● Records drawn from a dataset
__________________________________________________

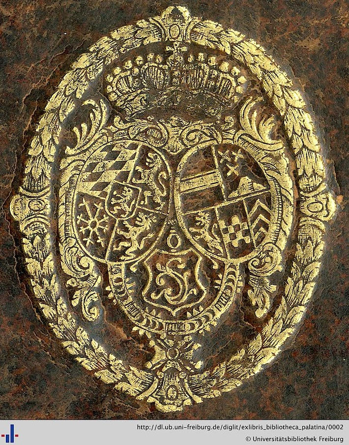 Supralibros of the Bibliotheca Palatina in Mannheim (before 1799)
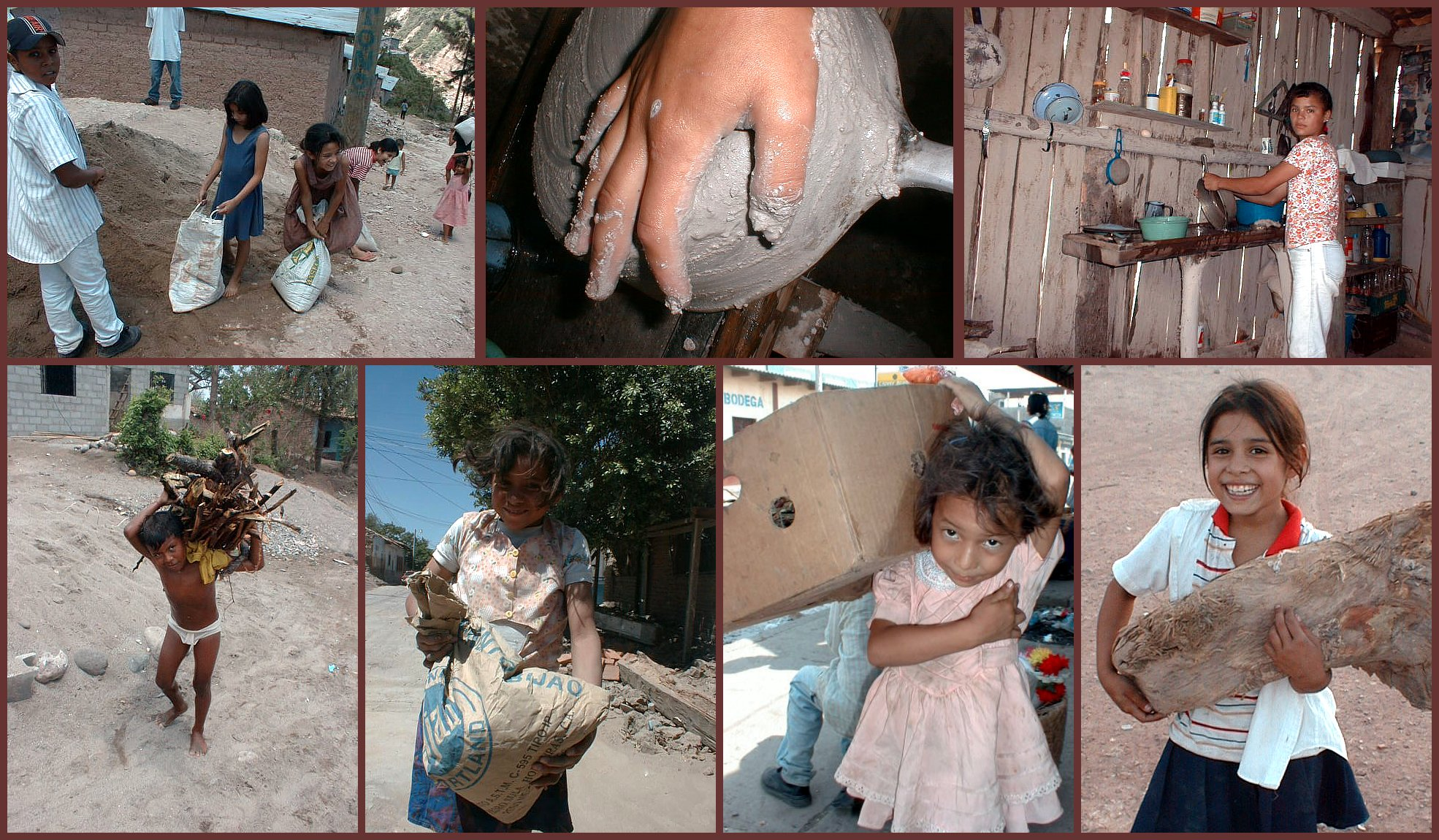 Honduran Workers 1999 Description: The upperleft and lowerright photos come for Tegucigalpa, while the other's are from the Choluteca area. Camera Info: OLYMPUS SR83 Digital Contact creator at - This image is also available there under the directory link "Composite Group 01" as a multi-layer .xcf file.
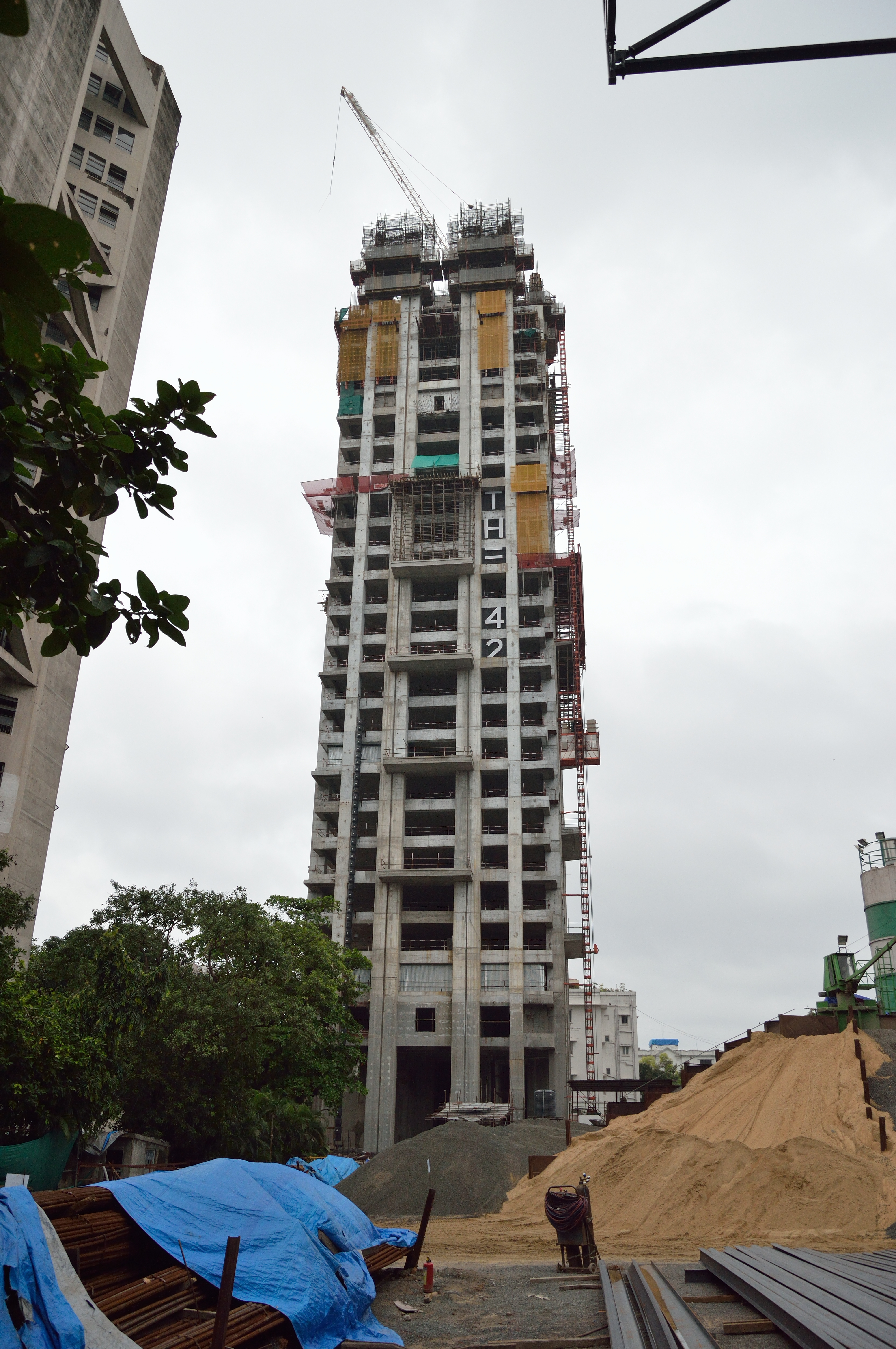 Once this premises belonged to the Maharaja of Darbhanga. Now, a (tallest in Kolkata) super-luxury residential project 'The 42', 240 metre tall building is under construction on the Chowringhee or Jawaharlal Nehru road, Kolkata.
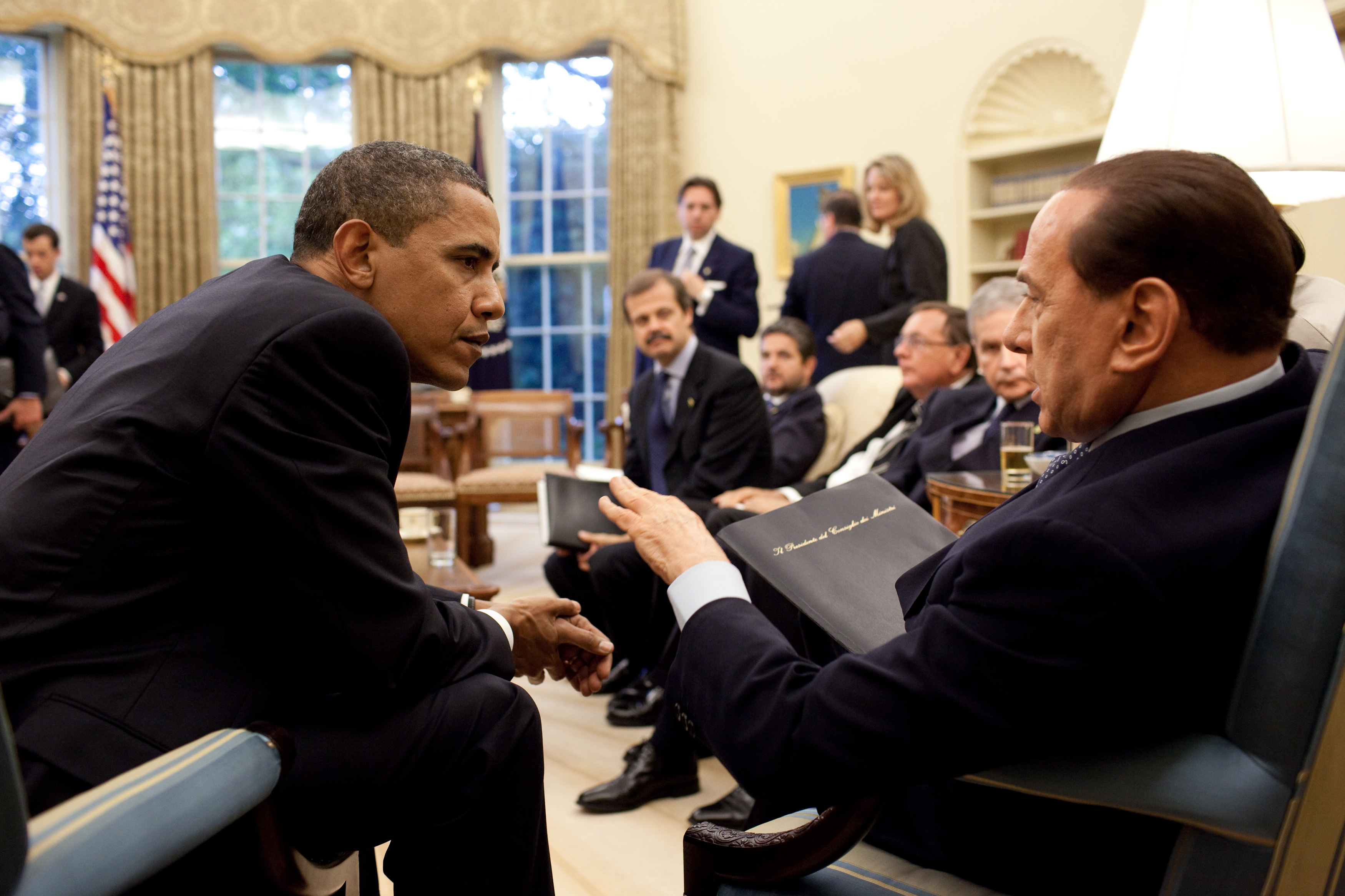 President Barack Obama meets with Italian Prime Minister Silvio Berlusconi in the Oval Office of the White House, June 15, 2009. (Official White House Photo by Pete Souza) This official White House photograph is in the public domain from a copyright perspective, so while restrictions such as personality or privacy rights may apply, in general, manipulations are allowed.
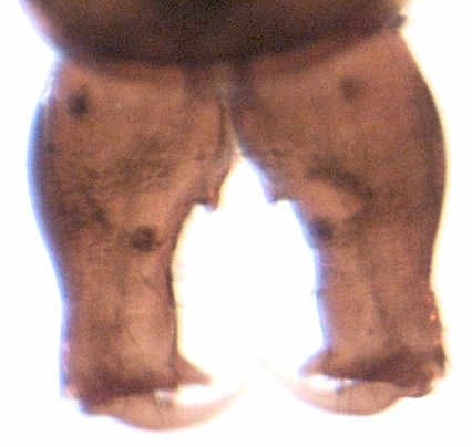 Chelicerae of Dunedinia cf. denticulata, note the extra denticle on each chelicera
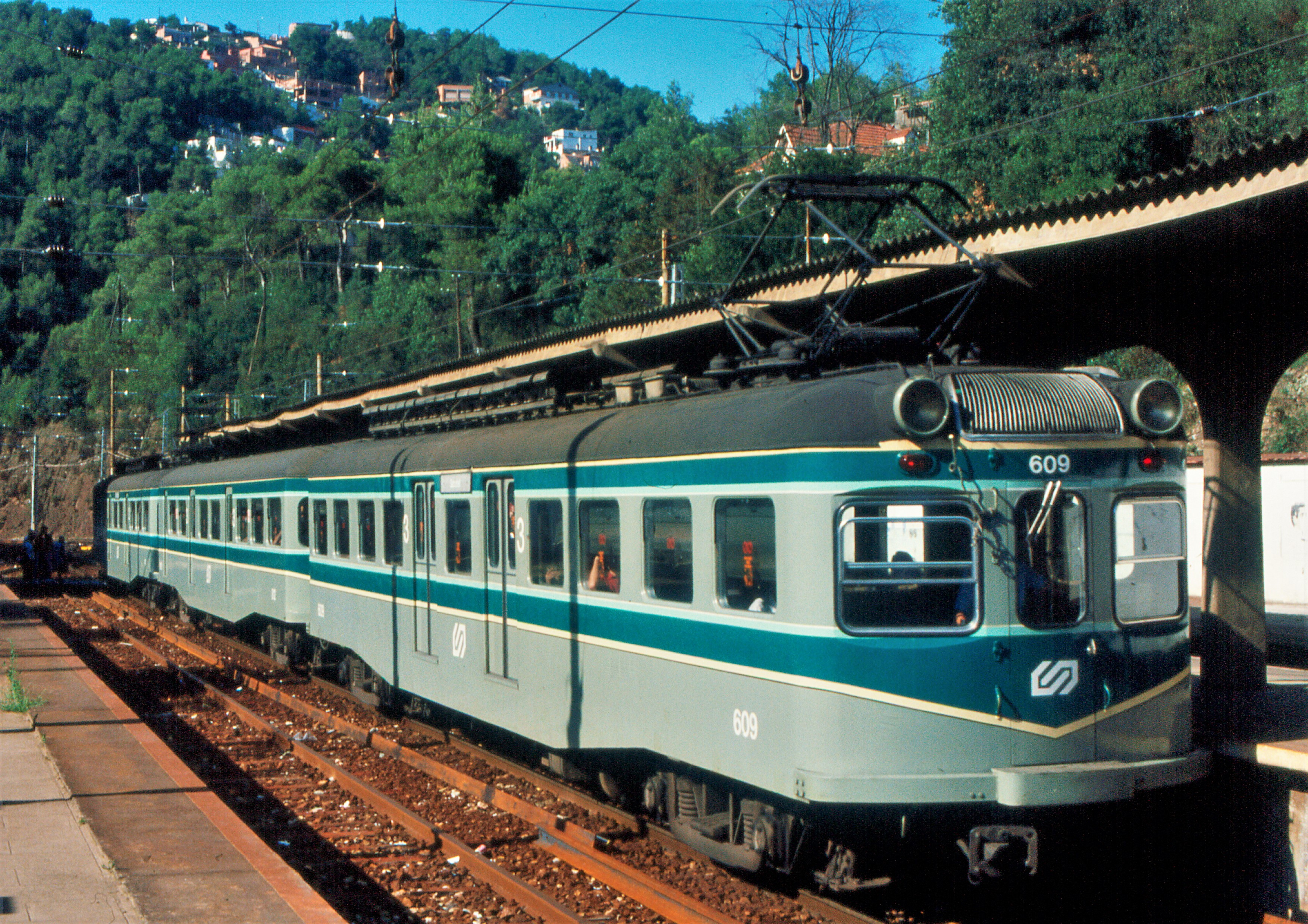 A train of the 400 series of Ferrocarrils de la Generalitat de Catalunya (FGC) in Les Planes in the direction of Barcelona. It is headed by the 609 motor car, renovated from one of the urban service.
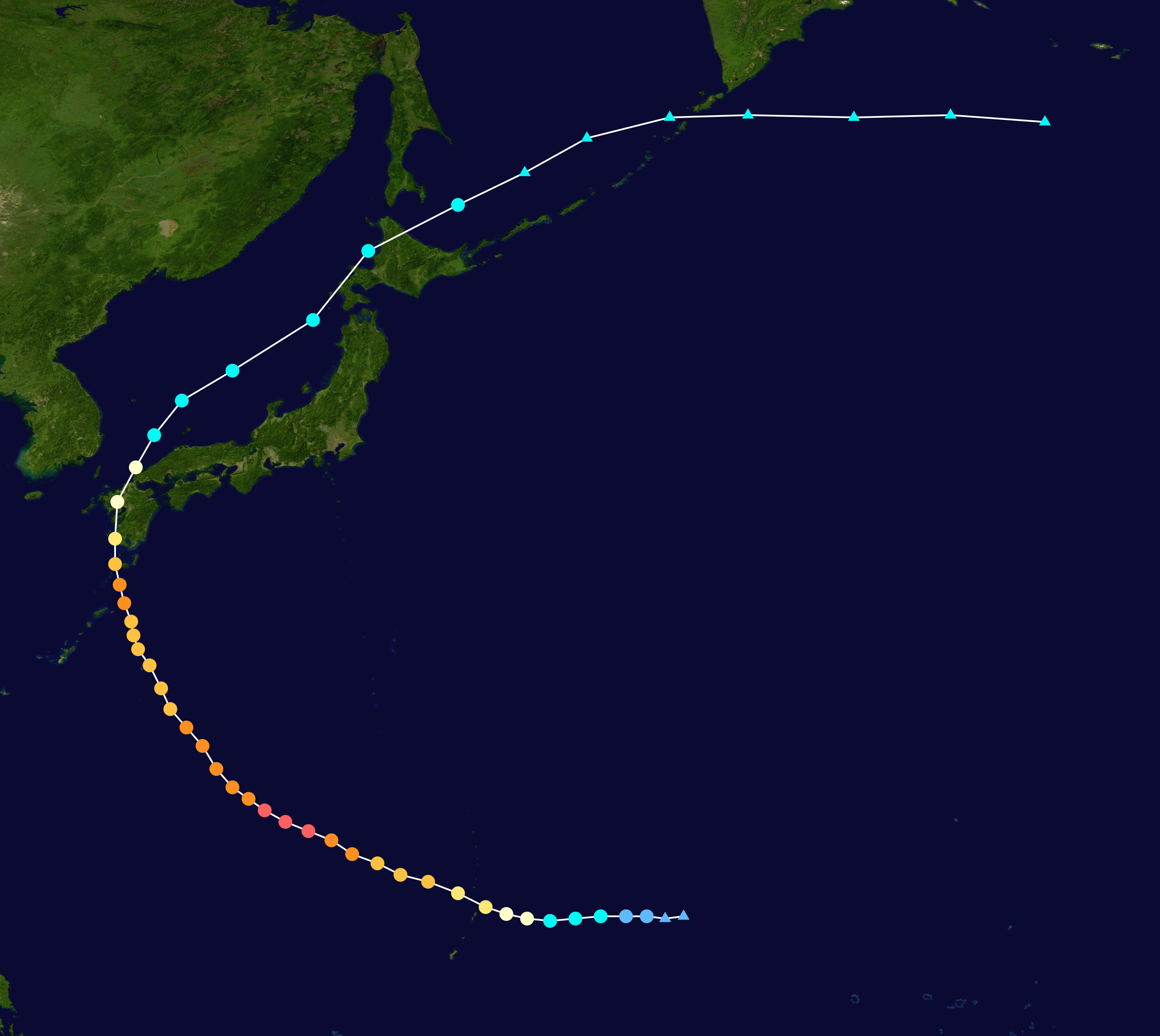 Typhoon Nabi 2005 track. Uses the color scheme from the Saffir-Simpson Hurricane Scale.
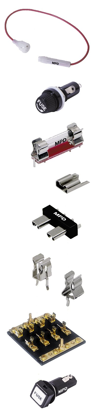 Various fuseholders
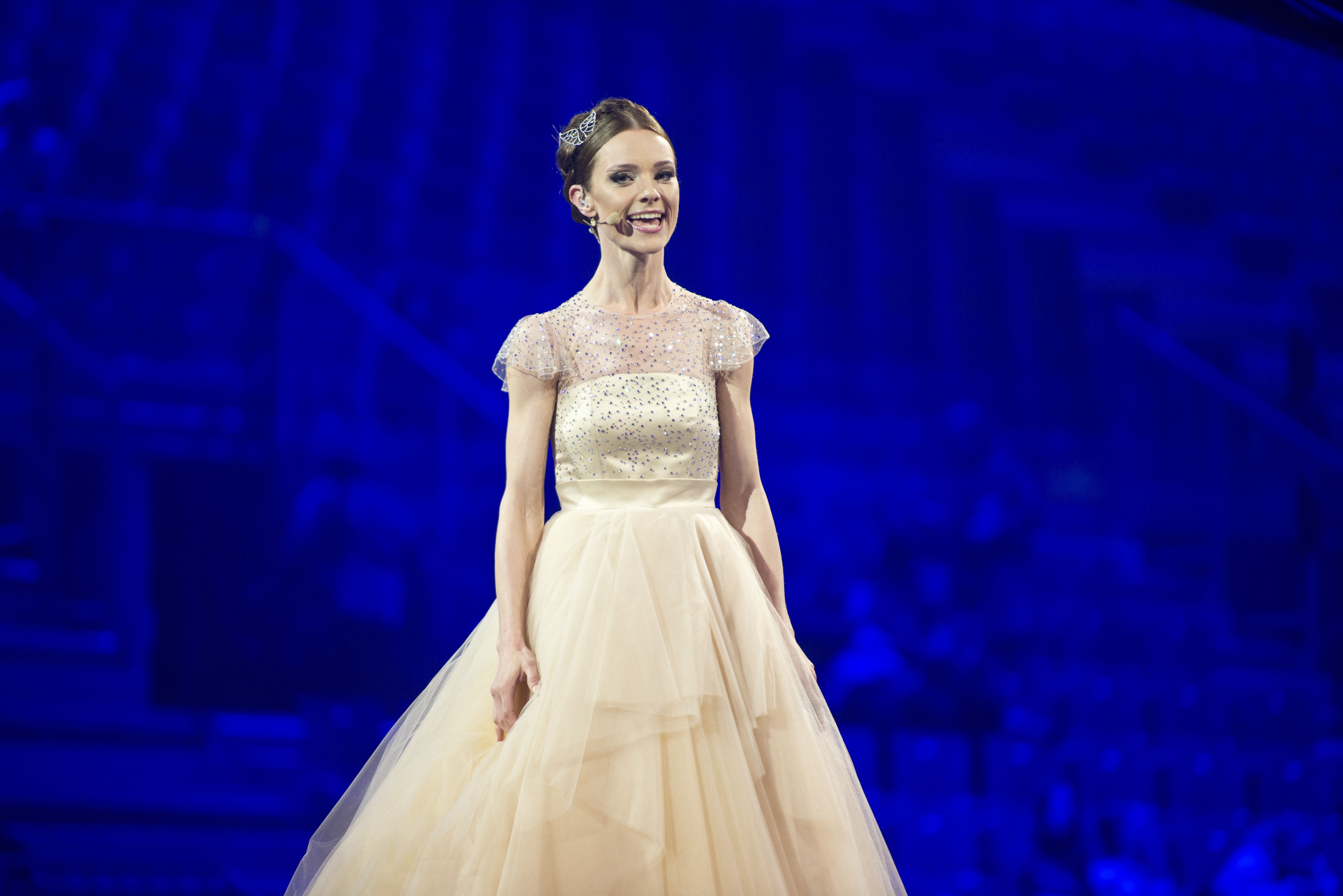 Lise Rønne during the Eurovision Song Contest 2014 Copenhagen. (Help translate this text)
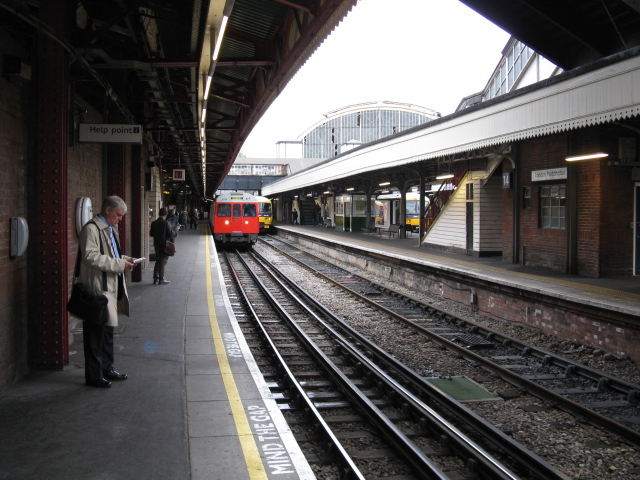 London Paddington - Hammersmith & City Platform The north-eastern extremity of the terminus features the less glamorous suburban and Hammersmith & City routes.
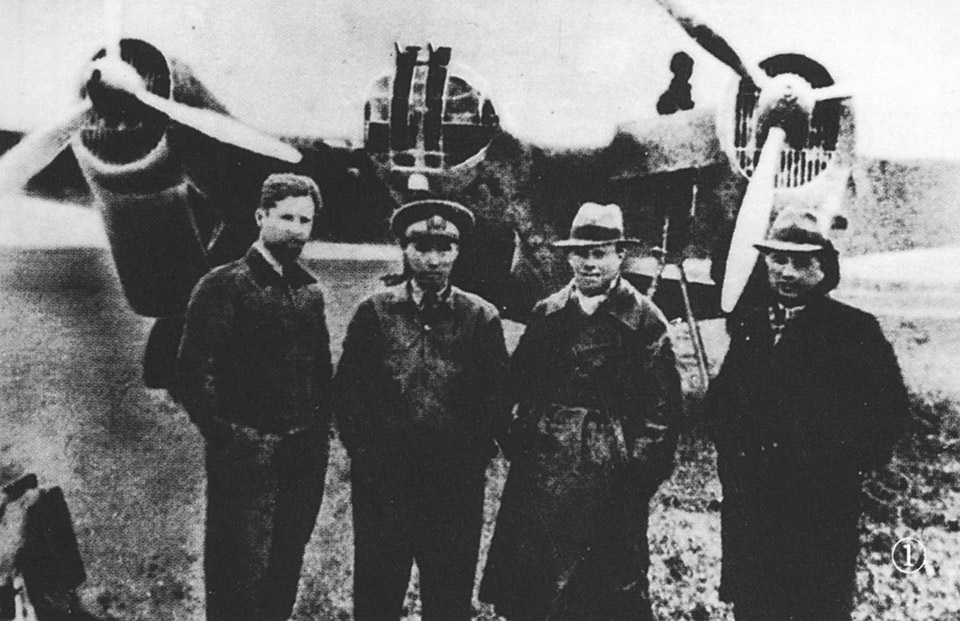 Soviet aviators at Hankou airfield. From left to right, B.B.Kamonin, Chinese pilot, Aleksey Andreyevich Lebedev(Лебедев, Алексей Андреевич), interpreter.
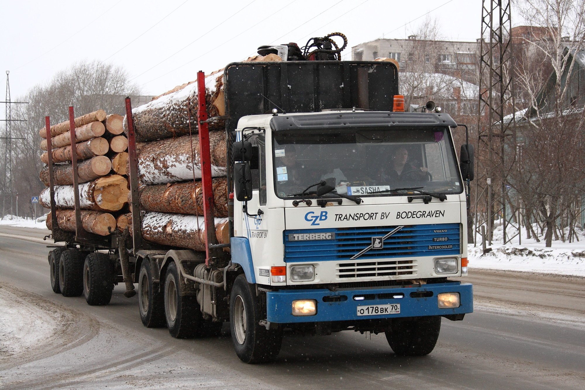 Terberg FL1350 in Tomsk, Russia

__________________________________________________

● TASK DESCRIPTION
Pictures should be omitted. Please return exactly the lines from the line that holds "A train of the" through the end of the records.

● TASK RESPONSE
 A train of the 400 series of Ferrocarrils de la Generalitat de Catalunya (FGC) in Les Planes in the direction of Barcelona. It is headed by the 609 motor car, renovated from one of the urban service.
 Typhoon Nabi 2005 track. Uses the color scheme from the Saffir-Simpson Hurricane Scale.
 Various fuseholders
 Lise Rønne during the Eurovision Song Contest 2014 Copenhagen. (Help translate this text)
 London Paddington - Hammersmith & City Platform The north-eastern extremity of the terminus features the less glamorous suburban and Hammersmith & City routes.
 Soviet aviators at Hankou airfield. From left to right, B.B.Kamonin, Chinese pilot, Aleksey Andreyevich Lebedev(Лебедев, Алексей Андреевич), interpreter.
 Terberg FL1350 in Tomsk, Russia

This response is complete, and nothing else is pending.